# Check out his site on Nano Reefs



## Seany B (Dec 12, 2003)

http://www.gregsnanoreef.com/index.htm
check it out. Nice example of a 7 gal minibow nano reef. 
Featuring
The NanoCam


----------



## Andrew (Mar 3, 2003)

vERY nICE !


----------



## acestro (Jul 7, 2003)

That's amazing. Are these harder to maintain? Seems like missing a day of evaporation could mean a dry tank!!! j/k :laugh:


----------



## piranha45 (Apr 8, 2003)

cute


----------



## Seany B (Dec 12, 2003)

Well since there is soo little water it is easy to put the salinity way out of wack. carefully mix outside of tank and add bti by bit. You can just top off wtih R/O. also there are things called automatic topoffs which is a sensor that will sense the water level and when it is to low it turns on a pump or a powerhead that is sitting in a bucket below or behind and top's it off for you itself.

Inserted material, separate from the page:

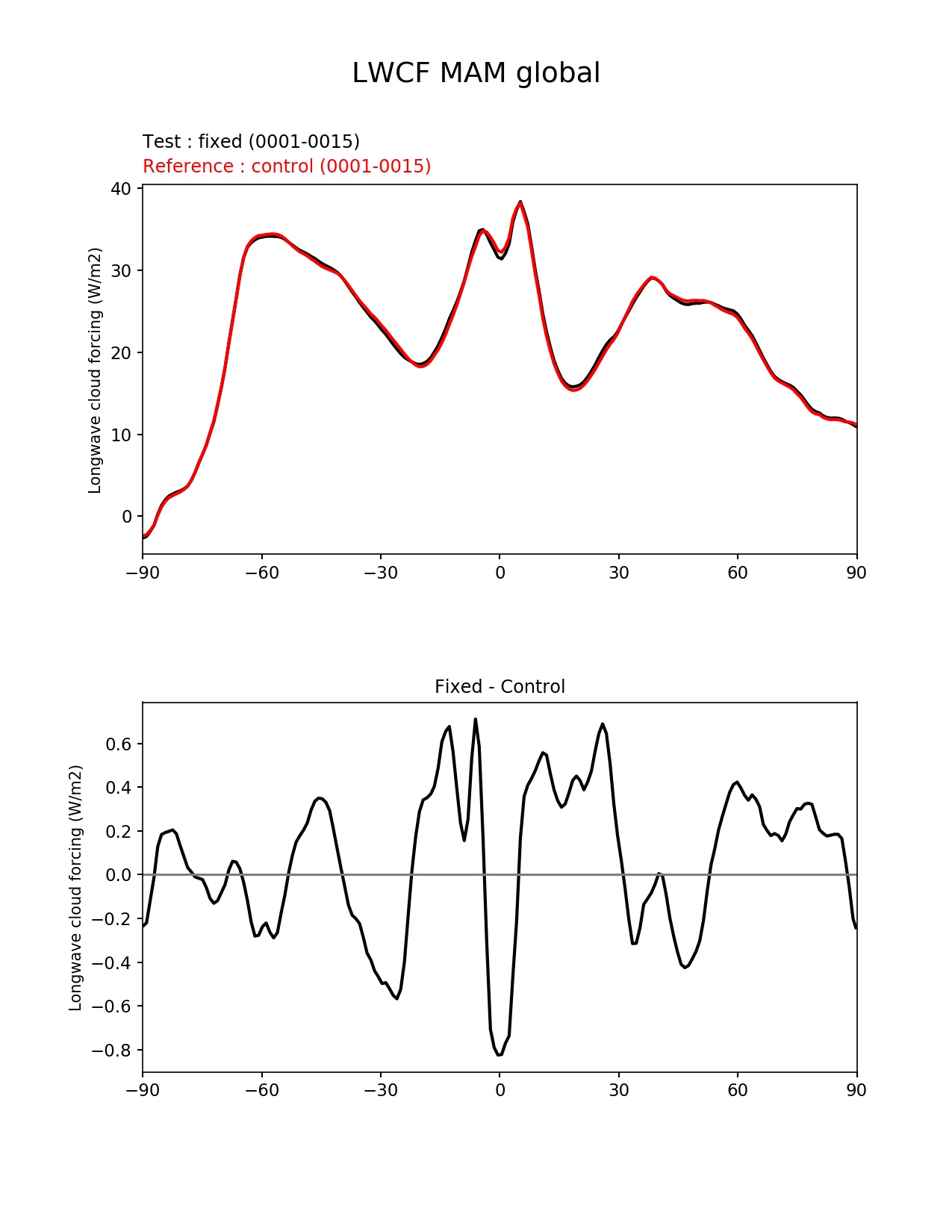 Use this command to recreate this image: | e3sm_diags --no_viewer --variables 'LWCF' --diff_colormap 'diverging_bwr.rgb' --test_data_path '/global/cscratch1/sd/beharrop/acme_scratch/cori-knl/test_tracer_cons_bugfix1/reg_climo/test_tracer_cons_bugfix1/yrs0001_0015/' --backend 'mpl' --canvas_size_h '1628' --reference_colormap 'cet_rainbow.rgb' --reference_data_path '/global/cscratch1/sd/beharrop/acme_scratch/cori-knl/control_tracer_cons_bugfix1/reg_climo/control_tracer_cons_bugfix1/yrs0001_0015/' --main_title 'LWCF MAM global' --results_dir '/global/cscratch1/sd/beharrop/temp/e3sm_bugfix_test_1year/' --regions 'global' --test_colormap 'cet_rainbow.rgb' --regrid_method 'conservative' --short_test_name 'fixed' --figsize '8.5' '11.0' --canvas_size_w '1212' --run_type 'model_vs_model' --regrid_tool 'esmf' --num_workers '64' --output_format 'png' --case_id 'model_vs_model' --granulate 'variables' 'seasons' 'regions' 'plevs' --test_name 'test_tracer_cons_bugfix1' --seasons 'MAM' --arrows --selectors 'sets' 'seasons' --diff_title 'Fixed - Control' --sets 'zonal_mean_xy' --ref_name 'control_tracer_cons_bugfix1' --multiprocessing --dpi '150' |
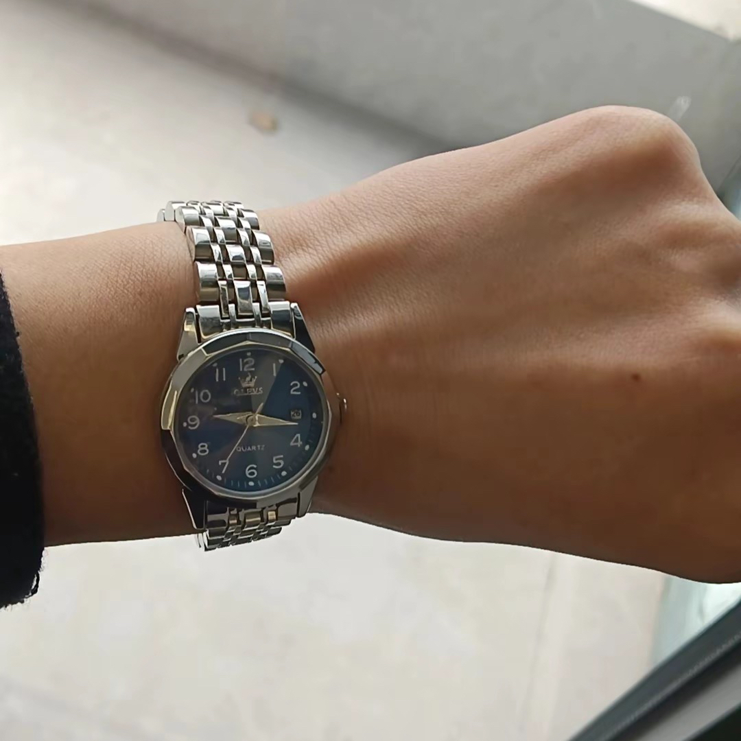 这款手表是我打算父亲节送给老爸的,也是他很喜欢的一种款式风格手表。 手表是欧利时的,具有很浓厚的商务风范,银色的表盘与黑色的表带的结合,戴起来也很有气质,而特别是夏天搭配polo衫就特别的有商务气息,手表的颜值也很高,无论搭配什么衣服都是非常的百搭的一款手表。 表盘使用的是镀膜玻璃,很耐摔耐刮,表带也是真皮材质,戴起来软软的,这款手表也是时尚潮流一体的设计,让穿戴也可以成为自己的一种生活。

I'm going to be trying to turn my 6 gal into one of these hopefully with success.


----------



## Mettle (Dec 29, 2003)

Wow! That's freakin' cool. It's like a poor man's SW aquarium... Exactly what I need! lol

Do you think it could be done with a 5 gal hex?


----------



## Seany B (Dec 12, 2003)

It definatley can be. believe it or not people pull off 3 gal, 1 gal. I even read about a 1/2 gallon tank. not sure what was it it but it was done. I have a link for the auto top off if anyone wants to see i just have to find it


----------



## Mettle (Dec 29, 2003)

I am definitely interested in that link.


----------



## Seany B (Dec 12, 2003)

Here is the link:

Auto Top-off


----------



## Mettle (Dec 29, 2003)

Seany B said:


> Here is the link:
> 
> Auto Top-off


 Thanks!


----------



## acestro (Jul 7, 2003)

Thanks for the link!


----------



## Death in #'s (Apr 29, 2003)

thats a awesome nano reef


----------



## thePACK (Jan 3, 2003)

very nice...but 7 gallons..damn thats small..


----------



## accr (Nov 27, 2002)

I have a 10g in the making. Started from a 5g but it's just too darn small... with a 10, I can add a mini-fuge & skimmer.

check out www.nano-reef.com guys...


----------



## garybusey (Mar 19, 2003)

thePACK said:


> very nice...but 7 gallons..damn thats small..


 I agree very nice tank..... BUT man I once had a 10g salt tank and it was hell keeping all the levels good. I give the guy credit, that tank must be VERY hard to maintain.....


----------